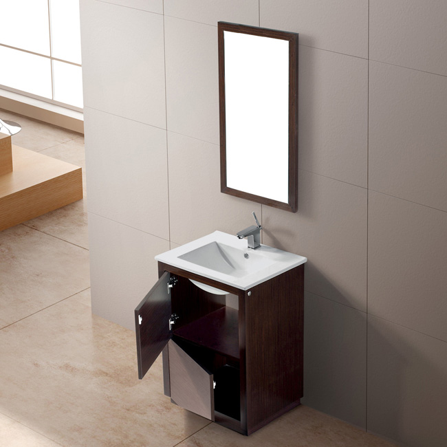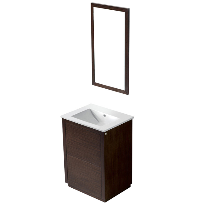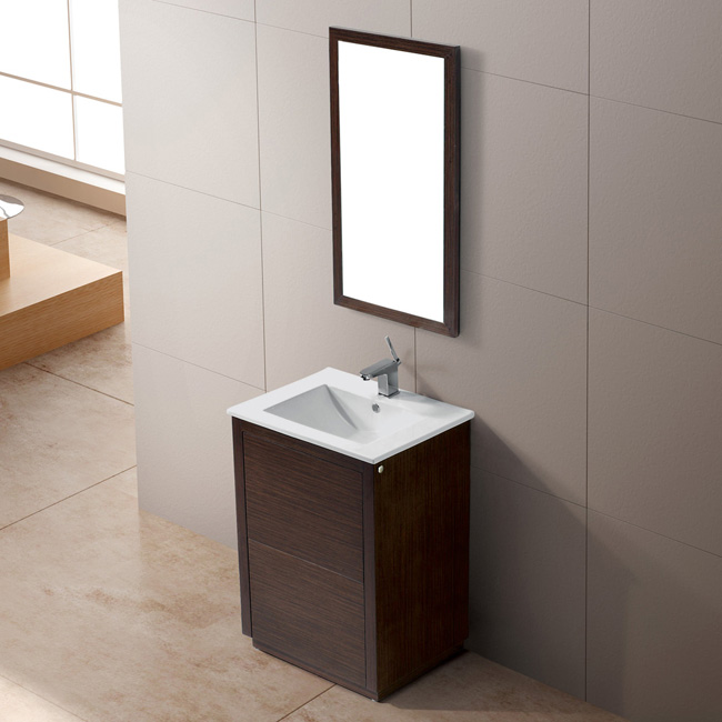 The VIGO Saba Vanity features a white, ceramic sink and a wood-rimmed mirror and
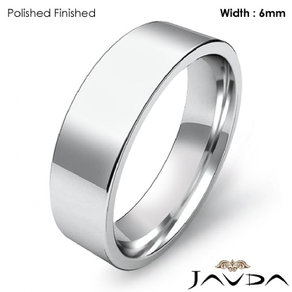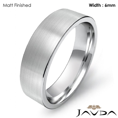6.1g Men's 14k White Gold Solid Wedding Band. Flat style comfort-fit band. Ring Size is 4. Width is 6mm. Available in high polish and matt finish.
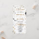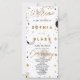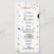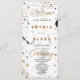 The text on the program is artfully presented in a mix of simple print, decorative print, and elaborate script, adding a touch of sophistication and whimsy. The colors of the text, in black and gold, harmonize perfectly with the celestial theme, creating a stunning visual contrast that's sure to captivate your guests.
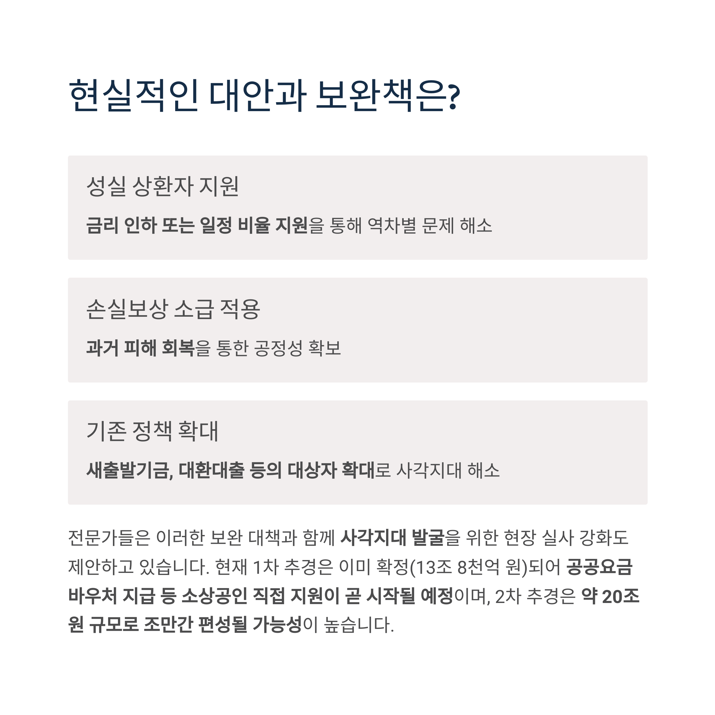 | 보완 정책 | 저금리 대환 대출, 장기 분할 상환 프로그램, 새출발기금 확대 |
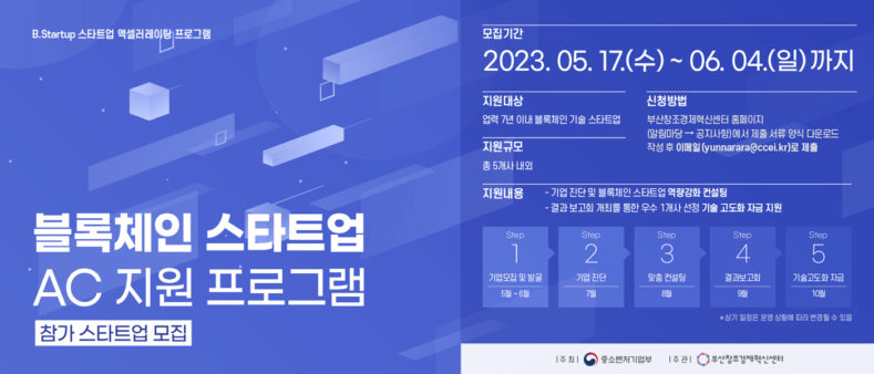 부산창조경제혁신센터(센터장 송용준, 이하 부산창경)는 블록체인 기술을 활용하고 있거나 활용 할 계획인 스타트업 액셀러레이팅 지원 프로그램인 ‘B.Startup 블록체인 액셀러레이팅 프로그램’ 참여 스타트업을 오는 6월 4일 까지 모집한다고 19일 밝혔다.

------------------------------------

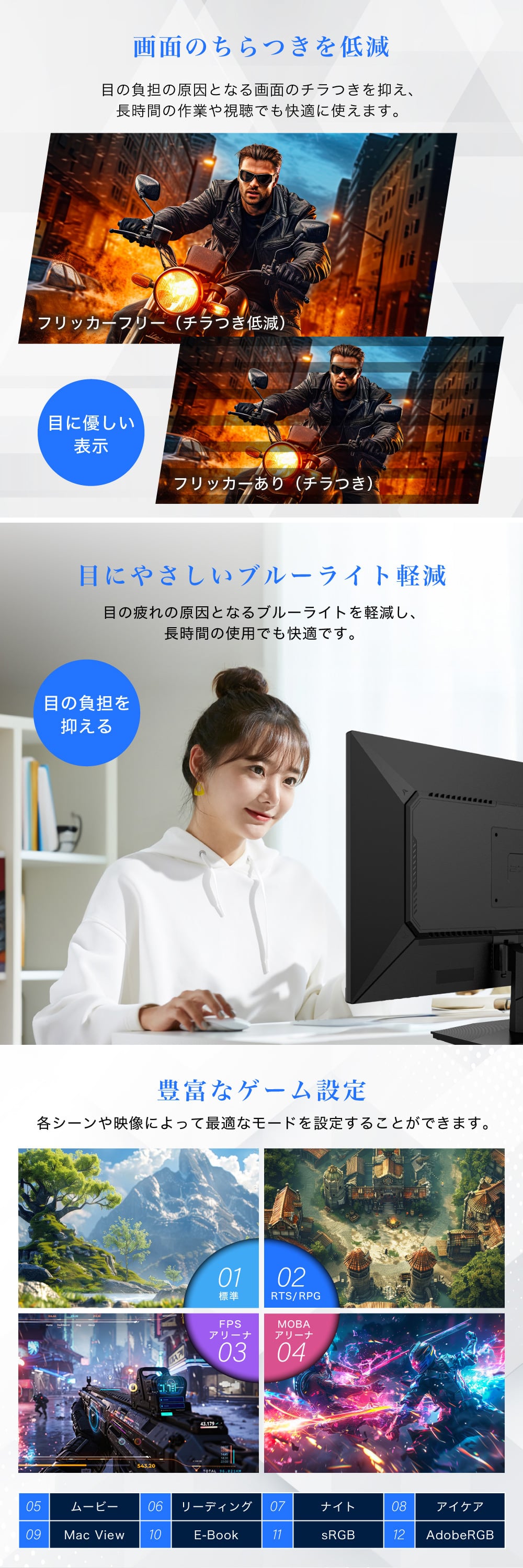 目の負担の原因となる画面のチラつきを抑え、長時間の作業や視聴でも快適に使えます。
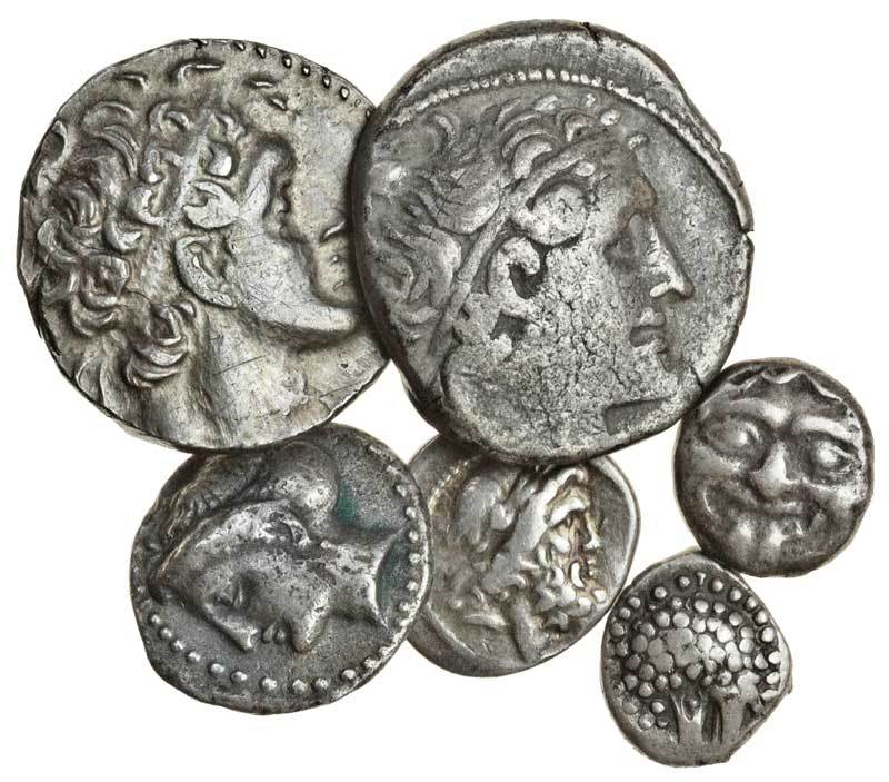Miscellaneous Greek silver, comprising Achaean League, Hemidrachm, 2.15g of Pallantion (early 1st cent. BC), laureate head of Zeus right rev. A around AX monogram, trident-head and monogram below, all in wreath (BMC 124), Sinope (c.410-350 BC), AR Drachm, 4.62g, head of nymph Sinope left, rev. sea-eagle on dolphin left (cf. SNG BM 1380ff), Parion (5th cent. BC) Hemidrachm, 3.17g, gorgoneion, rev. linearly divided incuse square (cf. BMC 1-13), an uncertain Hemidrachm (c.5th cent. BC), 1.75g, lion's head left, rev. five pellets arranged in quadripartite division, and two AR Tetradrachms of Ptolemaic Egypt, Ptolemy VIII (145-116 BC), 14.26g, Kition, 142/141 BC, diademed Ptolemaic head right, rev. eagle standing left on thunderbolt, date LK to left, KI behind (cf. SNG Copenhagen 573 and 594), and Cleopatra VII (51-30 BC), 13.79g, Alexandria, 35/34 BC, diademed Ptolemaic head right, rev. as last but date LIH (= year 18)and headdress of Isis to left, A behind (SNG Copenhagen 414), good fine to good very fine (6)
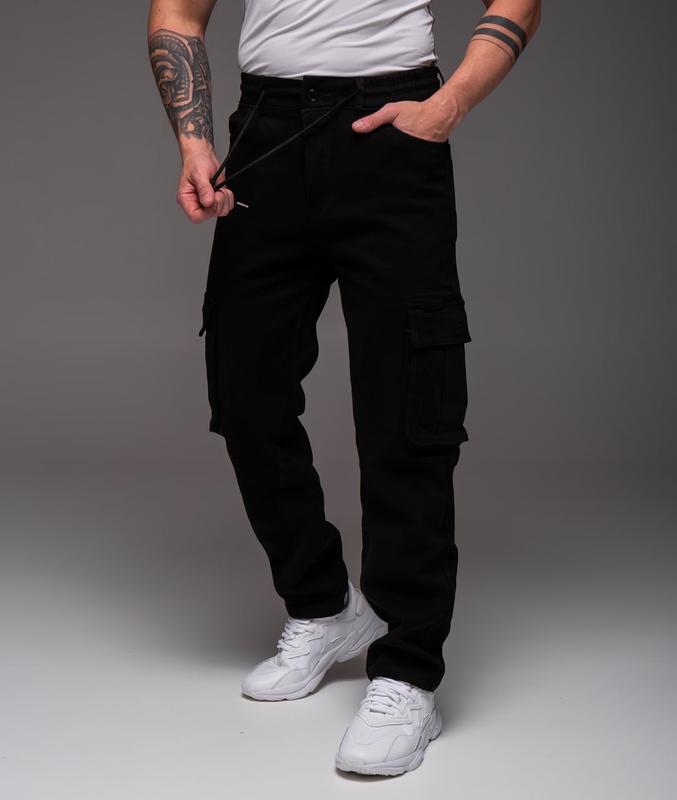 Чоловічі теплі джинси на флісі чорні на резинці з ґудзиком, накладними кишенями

------------------------------------

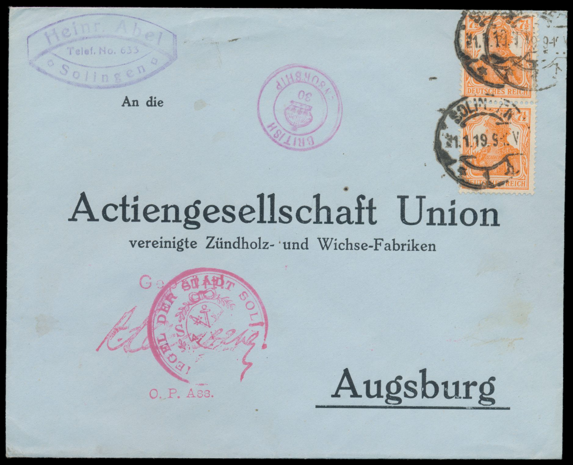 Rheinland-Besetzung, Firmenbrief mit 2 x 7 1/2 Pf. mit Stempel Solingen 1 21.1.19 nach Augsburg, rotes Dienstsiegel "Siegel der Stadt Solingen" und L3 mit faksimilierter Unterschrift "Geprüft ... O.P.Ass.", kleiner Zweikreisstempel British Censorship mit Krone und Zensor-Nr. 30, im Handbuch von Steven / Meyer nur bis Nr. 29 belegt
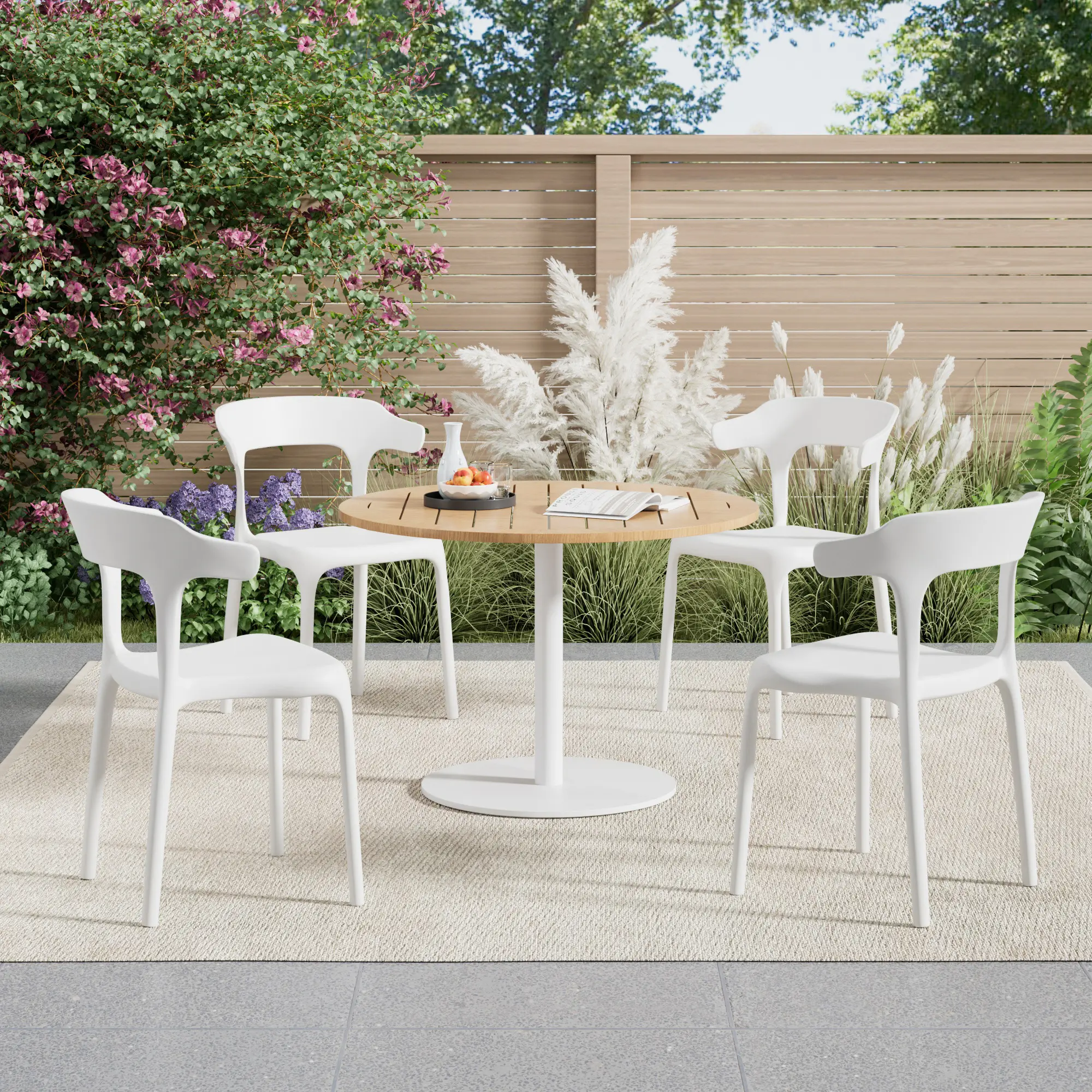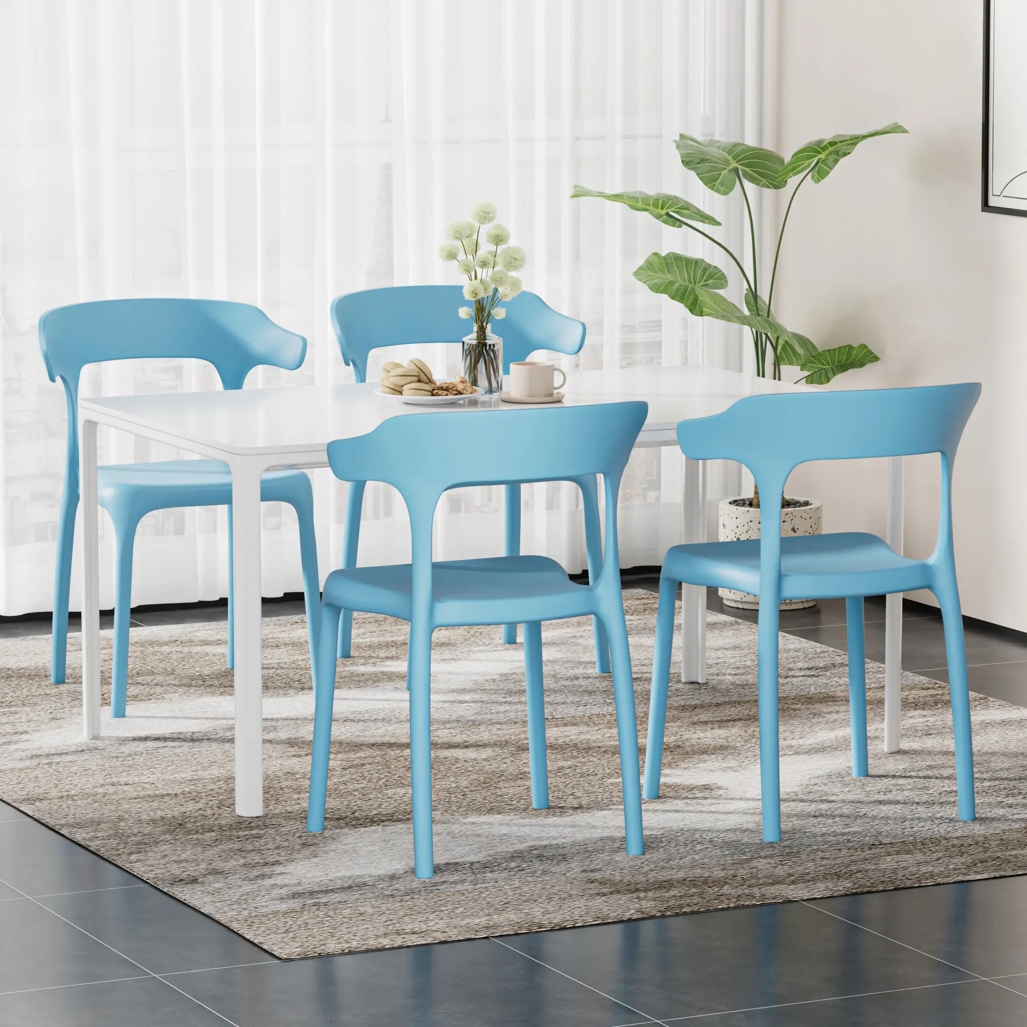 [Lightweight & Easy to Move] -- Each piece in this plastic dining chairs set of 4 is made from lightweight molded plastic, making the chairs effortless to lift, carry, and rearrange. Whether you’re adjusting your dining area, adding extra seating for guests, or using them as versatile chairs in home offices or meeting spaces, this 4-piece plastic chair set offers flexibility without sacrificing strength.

------------------------------------

What to work on:
All that should appear in the answer is the lines above from the line with "The VIGO Saba" through the line with "부산창조경제혁신센터(센터장 송용준, 이하", retyped exactly, pictures left out.

Response:
 The VIGO Saba Vanity features a white, ceramic sink and a wood-rimmed mirror and
6.1g Men's 14k White Gold Solid Wedding Band. Flat style comfort-fit band. Ring Size is 4. Width is 6mm. Available in high polish and matt finish.
 The text on the program is artfully presented in a mix of simple print, decorative print, and elaborate script, adding a touch of sophistication and whimsy. The colors of the text, in black and gold, harmonize perfectly with the celestial theme, creating a stunning visual contrast that's sure to captivate your guests.
 | 보완 정책 | 저금리 대환 대출, 장기 분할 상환 프로그램, 새출발기금 확대 |
 부산창조경제혁신센터(센터장 송용준, 이하 부산창경)는 블록체인 기술을 활용하고 있거나 활용 할 계획인 스타트업 액셀러레이팅 지원 프로그램인 ‘B.Startup 블록체인 액셀러레이팅 프로그램’ 참여 스타트업을 오는 6월 4일 까지 모집한다고 19일 밝혔다.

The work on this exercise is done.